Wednesday, December 21, 2011

Fashion is Fascism!


I remember that somewhere around late middle school to early high school, back when I thought that I would actually achieve something by 25, I had this idea to write a song about how Fashion and Fascism were virtually the same. Draped in a leather trench coat, sporting hair below my waist, and mixing various shirts my mom felt flattered by rotund torso with band tees and black jeans, I suppose that I may have been the perfect awkward candidate. It was to be missal to all teenagers and twenty-somethings imprisoned in the gyves of popular culture: an anthem for those fleeing its yoke. After all, weren't the Nazis' uniforms pretty sleek? Fashion! Checkmate.

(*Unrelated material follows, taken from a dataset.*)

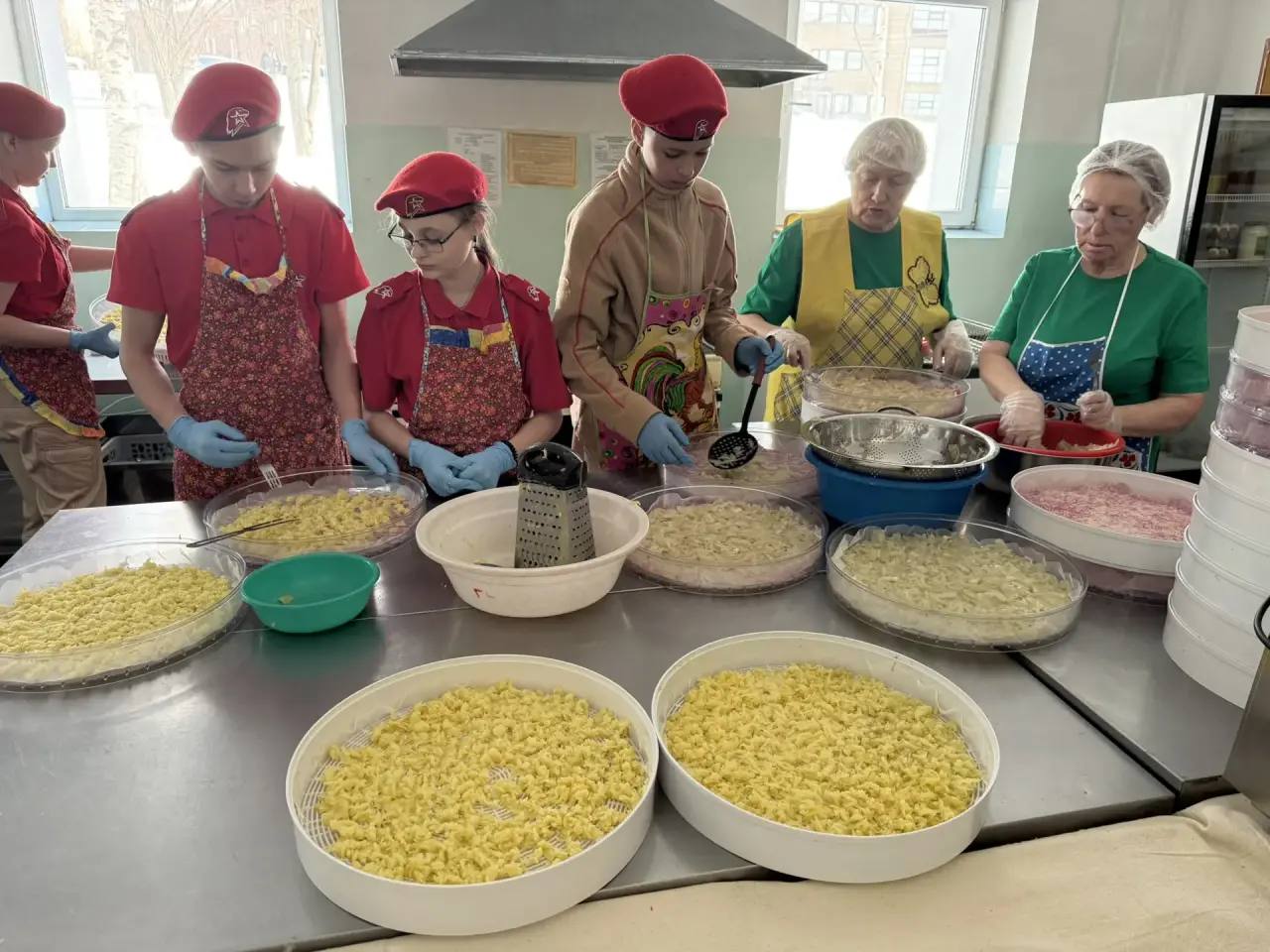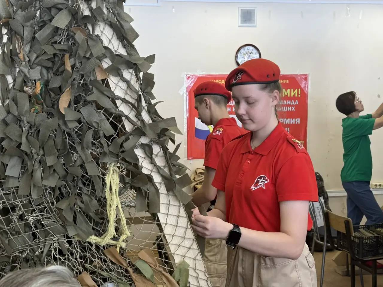 А это значит - берут ленты определенной расцветки: коричневой и зеленой. Размер одной сети может скрыть площадь 6 на 12 метров. Чтобы сплести такую - нужно несколько дней непрерывной работы. Параллельно волонтеры, а также участники «Юнармии» изготавливают окопные свечи, сухой душ, готовят «Обеды для Победы»: это супы, каши, сладости, чаи.

I never fit into any particular clique in high school. Sure, I listened to Metal, had long hair, and wore a trench coat; but I liked to smile, be silly, and was religious, so I didn't really fit in completely with the Freaks. I loved the Internet, books, science fiction, and fantasy; but I was horrible at science and mathematics, and didn't really play any video games except for Age of Empires and GoldenEye, so I was not a solid nerd. By the end of my high school career, I was even on good terms with the preps and suburban thugs. The assortment of kids I did hang out with were similar, having nowhere better to sit at lunch or breakfast — not so much outcasts as loose ends. In middle school, we had come to name ourselves The Reject Table, and even drafted a constitution/manifesto of sorts, at one point going so far as to exiling a member to what we called The Reject Reject Table; the high school equivalent, however, was much more amorphous and carried no such fidelity.

I saw that the multitude formed a rigid construct of darkness, writhing blinded and motionless in its own labyrinth. We imposed self-segregation, and our balkanisation had led to docility, and the docility to the devolution of civilisation. The divide was clear, but I never had any real ambitions of saving them. The goal had always been to rage forth, assaulting their groomed and manicured sensibilities with a simple plan:
  1. Form a band;
  2. Get famous;
  3. Get on an MTV awards show;
  4. Play 'Fashion Is Fascism'.
They'd laughed at me because I was different, so now I would laugh at them because they were the same! I think that 14-year old me would be stupefied as to why such a simple plan never panned out. After all, how hard could it be to get famous? But I never foresaw the obvious: that I and those like me are the punchline of the human condition.

Perhaps there was something to my angst.